Since the crash of ’07 or ’08, law firm economics has just been turned on its head. Law firm economics has changed. Changed in terms of hiring, changed in terms of hourly rates although they’re going up. It’s changed in terms of companies that don’t want to litigate anymore unless they have to. It’s changed in terms of companies taking work in house. It started in the 1990s with insurance companies, in the 2000s it happened with companies and the government and then the crash just gave it a supercharge.
Big Law Business: We recently had a GC tell us, ‘I hate it when lawyers charge me for reviewing their own bill.’ How common is that?
Meckler: The answer is, I see it all the time in my business. I see law firms billing for everything from reviewing their own bills to preparing budgets that clients ask for. I just saw one where a client was being billed almost $50,000 for the time it took a law firm to prepare a budget that the firm needed to continue its relationship with the client.
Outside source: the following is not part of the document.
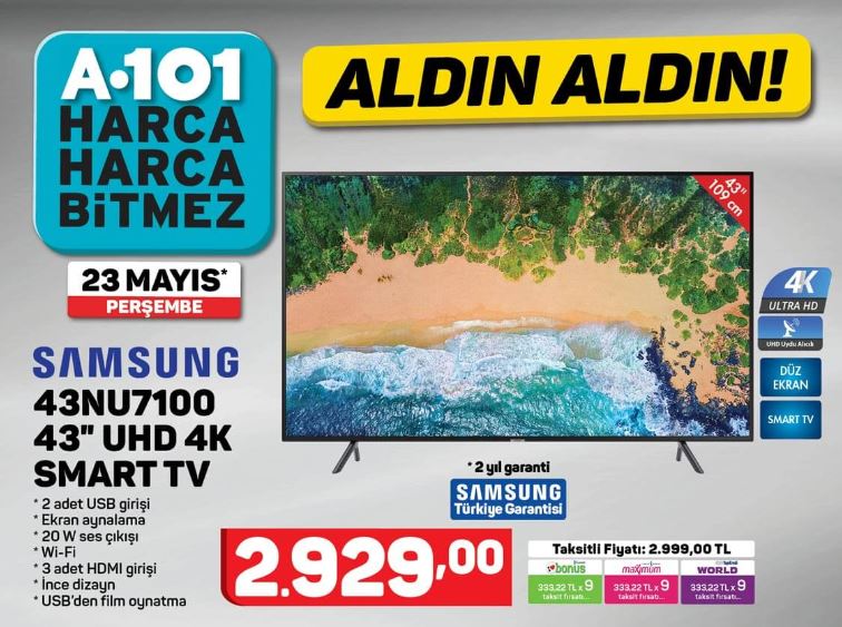 A101 aktüel ürünler kataloğu 23 Mayıs ile raflarda yer alacak olan Samsung Led TV üstün özellikleri ve cazip fiyatı ile dikkat çekiyor. Samsung Led TV için kredi kartına 9 taksit imkanı da sunuluyor. Ayrıca Samsung Led TV, Samsung Türkiye garantisi kapsamında. İşte A101 aktüel ürünler kataloğu 23 Mayıs ile tanıtılan Samsung Led TV'nin özellikleri...

Things that are administrative in nature, related to the overhead, that should never be billed. General counsel reject bills like that quite often. The trick is being able to identify and monitor bills coming in.
Big Law Business: Will the billable hour survive?
Meckler: The billable hour is obviously the hub of law firm economics. I don’t think that’s going to change. But the billable hour and the use of it is being carved away at by all the alternative legal service providers and the technology and the companies.
Probably the biggest trend is something that’s here and is here to stay. The discovery in large cases, e-discovery, has always been one of the largest drivers of law firm billing in big cases. Period. In almost every case, clients want that piece farmed out to contract providers who do it at a fifth of the cost of what law firms charge and that’s not going away.
The smartest firms have created their own discovery units and that will become a profit center, but far less than what the firms used to get paid. I just finished a case where the total bills were $60 million, and the document part was around $11 million. This firm had used their own attorneys at $350 to $500 hour for their associates, which is of course what rates are at big firms. But the client got wind of it, and well, it was resolved through arbitration. That bill should have been more like $4.2 million. It actually was $10.8 million. And that’s solely based on had the firm used contract personnel instead of their own people. It’s just based on hourly rates. This is the fourth level document review [one of the final stages before production].
Big Law Business: What practices are the better law firms adopting?
Meckler: I see some that are very efficient and are training their lawyers on the right way to bill. I think there are certainly a percentage of the law firms that are getting it, who aren’t resisting their clients efforts to manage legal fees. It’s really not difficult to have your lawyers keep track of their time, on a case by case basis, but some of the the older more traditional law firms that never used to do this are having a tough time. I’m talking about the ones who used to send out the one-liner bill.
There is a trend among lawyers who don’t want to do this and are coming up with a flat fee, or alternative billing method. That’s a real trend. They’re getting around the billable hourly rate altogether by charging a flat fee on a monthly basis. I’m still not sure that is adding benefit to the client but that is a new trend.